DDBJ BioSample Handbook

BioSample

Overview

Purpose

The BioSample databasewas developed to serve as a central location in which to store descriptive information about biological samples used to generate experimental data in any of primary data archives.

Following figure depicts how BioSample records are organized and linked with other objects. This example is composed of one umbrella project that encompasses three subprojects, each of which generated data derived from two BioSample records. Users can query either the BioProject or the BioSample database to retrieve the relevant records, and then navigate through links to the corresponding experimental data which continue to be stored in DDBJ's primary data archives, DDBJ, DRA and DOR.

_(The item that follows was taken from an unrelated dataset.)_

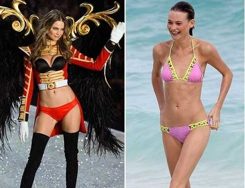 Khi so sánh 2 hình ảnh này với nhau, vòng một của Behati Brinsloo rõ ràng có sự khác biệt lớn - không bốc lửa như ở Victoria's Secret Fashion Show mới đây.

Overview of BioSample and BioProject integration with other DDBJ databases
Overview of BioSample and BioProject integration with other DDBJ databases

Sample

Given the huge diversity of sample types handled by archival databases, and the fact that appropriate sample descriptions are often dependent on the context of the study, the definition of what a BioSample represents is deliberately flexible. Typical examples of a BioSample include a cell line, a primary tissue biopsy, an individual organism or an environmental isolate.

Biological and technical replicates are represented by separate BioSamples with distinct 'replicate' attribute, e.g., 'biological replicate 1' and 'biological replicate 2'. FAQ: How many samples do I need for my DRA submission?

Information about the sample will include:
  • Species
  • The material sampled, e.g., organs, tissues, cell type
  • Phenotypic information including disease states and clinical information about the individual

The information about human subjects and access to it will be compliant with all relevant ethical requirements. The DDBJ BioSample database does not support controlled access mechanisms and thus cannot host human clinical samples that may have associated privacy concerns.

Reference biosamples

A particular set of biosamples submitted to BioSample databases directly may be referenced subsequently from many experiments. We will refer to this set of samples as reference biosamples. Example of these may be some commonly used cell lines or mouse strains. The BioSample pre-registered commonly-used samples and make it easy to reference these from other databases at INSDC. Reference biosamples include ATCC and Coriell.

Sample attributes

A major component of a BioSample record is the sample attributes section. Attributes define the material under investigation and can include sample characteristics such as cell type, collection site and phenotypic information like disease state.

BioSample attributes are captured as structured name: value pairs, for example, tissue:liver

The database supports and encourages use of dictionaries of attribute names.

The first targeted dictionaries implemented in the DDBJ BioSample database are the MIxS minimum information checklists for standardizing descriptions of genomes, metagenomes and targeted locus sequences as recently developed by the Genomics Standards Consortium.

For the MIxS check lists, please see Nature Biotechnology 29, 415–420 (2011) | doi: 10.1038/nbt.1823 (PMID:21552244 ).

MIxS check list
MIxS check list

Organism

For an organism name of the BioSample organism attribute, see the "Organism name" page. Previously, a strain name or some other lower taxon was required for the organism name of whole genomic sequence, mainly microorganisms. However, currently, the value of organism qualifier should be just a scientific name, in principle, even though for microbial genomes. Please describe a strain name in the strain attribute of BioSample.

Related news: Changes in organism strain information management

Antibiogram

An antibiogram table can be included in a BioSample record (Example: SAMN07958491). To submit the table, please contact BioSample team.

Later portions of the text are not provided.